Directions: The task calls for the lines from the start of the entries below through the line with "After an MCAT", given again verbatim, with every picture dropped.
:: Source records
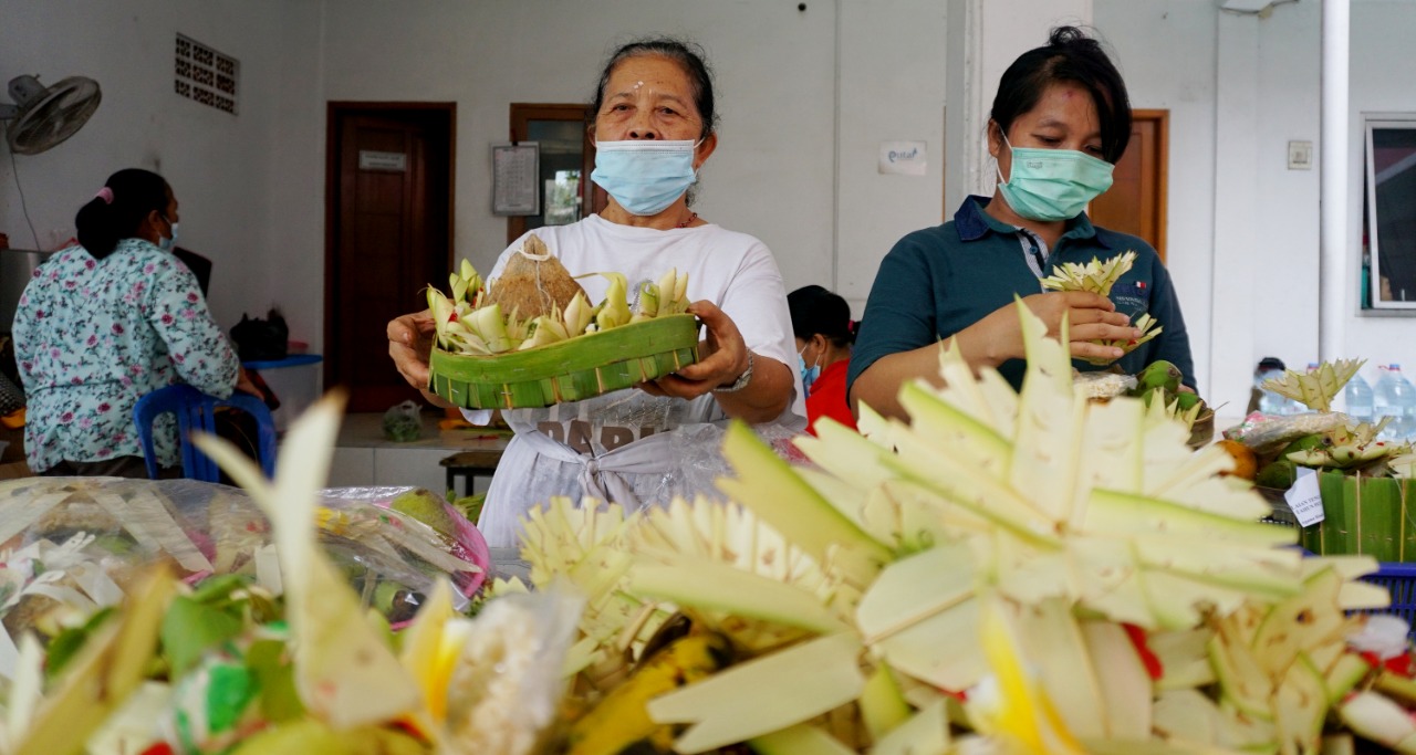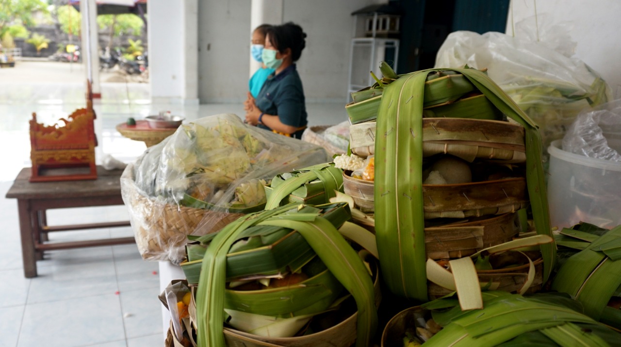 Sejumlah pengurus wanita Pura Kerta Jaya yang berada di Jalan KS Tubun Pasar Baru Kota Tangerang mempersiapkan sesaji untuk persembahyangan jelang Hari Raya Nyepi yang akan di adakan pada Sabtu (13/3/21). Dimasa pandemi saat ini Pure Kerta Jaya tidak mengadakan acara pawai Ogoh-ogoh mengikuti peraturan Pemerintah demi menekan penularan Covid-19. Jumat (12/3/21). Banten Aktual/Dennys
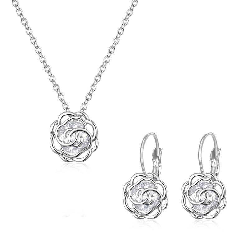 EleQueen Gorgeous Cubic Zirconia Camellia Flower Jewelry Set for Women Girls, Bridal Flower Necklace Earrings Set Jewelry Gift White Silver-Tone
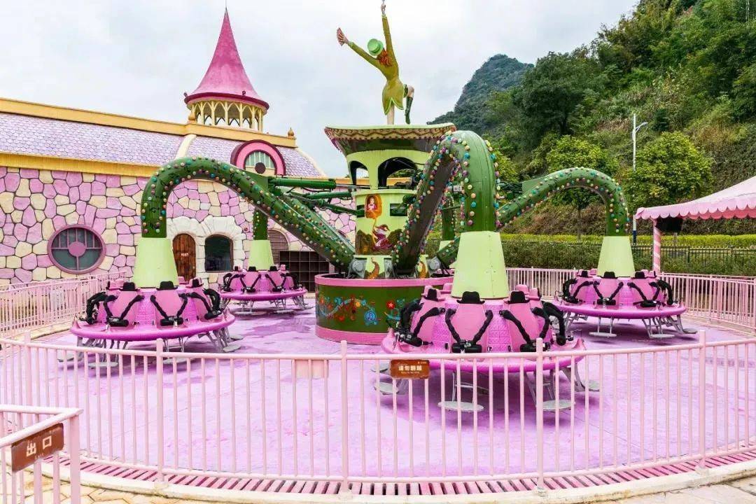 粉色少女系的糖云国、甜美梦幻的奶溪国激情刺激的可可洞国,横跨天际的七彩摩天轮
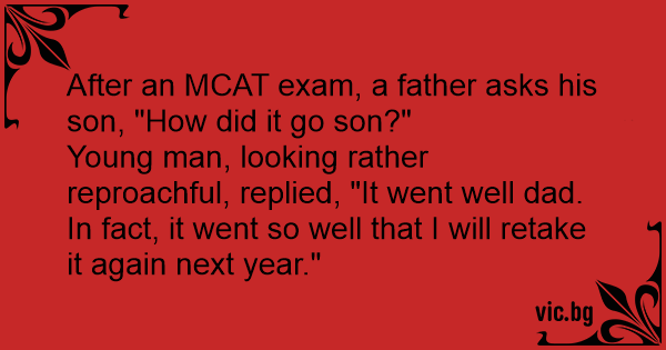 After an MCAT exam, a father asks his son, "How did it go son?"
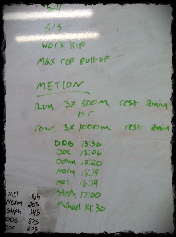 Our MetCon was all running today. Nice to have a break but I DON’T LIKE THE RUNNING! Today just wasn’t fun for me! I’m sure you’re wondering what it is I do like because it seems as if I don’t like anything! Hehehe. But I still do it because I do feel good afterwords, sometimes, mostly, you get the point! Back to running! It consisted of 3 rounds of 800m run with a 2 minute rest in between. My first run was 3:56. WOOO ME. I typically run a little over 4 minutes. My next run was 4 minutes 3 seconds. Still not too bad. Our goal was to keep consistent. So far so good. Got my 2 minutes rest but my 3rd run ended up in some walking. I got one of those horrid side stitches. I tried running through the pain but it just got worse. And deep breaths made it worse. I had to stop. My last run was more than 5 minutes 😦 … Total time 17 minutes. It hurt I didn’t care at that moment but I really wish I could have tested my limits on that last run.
::::
Task answer:
 Sejumlah pengurus wanita Pura Kerta Jaya yang berada di Jalan KS Tubun Pasar Baru Kota Tangerang mempersiapkan sesaji untuk persembahyangan jelang Hari Raya Nyepi yang akan di adakan pada Sabtu (13/3/21). Dimasa pandemi saat ini Pure Kerta Jaya tidak mengadakan acara pawai Ogoh-ogoh mengikuti peraturan Pemerintah demi menekan penularan Covid-19. Jumat (12/3/21). Banten Aktual/Dennys
 EleQueen Gorgeous Cubic Zirconia Camellia Flower Jewelry Set for Women Girls, Bridal Flower Necklace Earrings Set Jewelry Gift White Silver-Tone
 粉色少女系的糖云国、甜美梦幻的奶溪国激情刺激的可可洞国,横跨天际的七彩摩天轮
 After an MCAT exam, a father asks his son, "How did it go son?"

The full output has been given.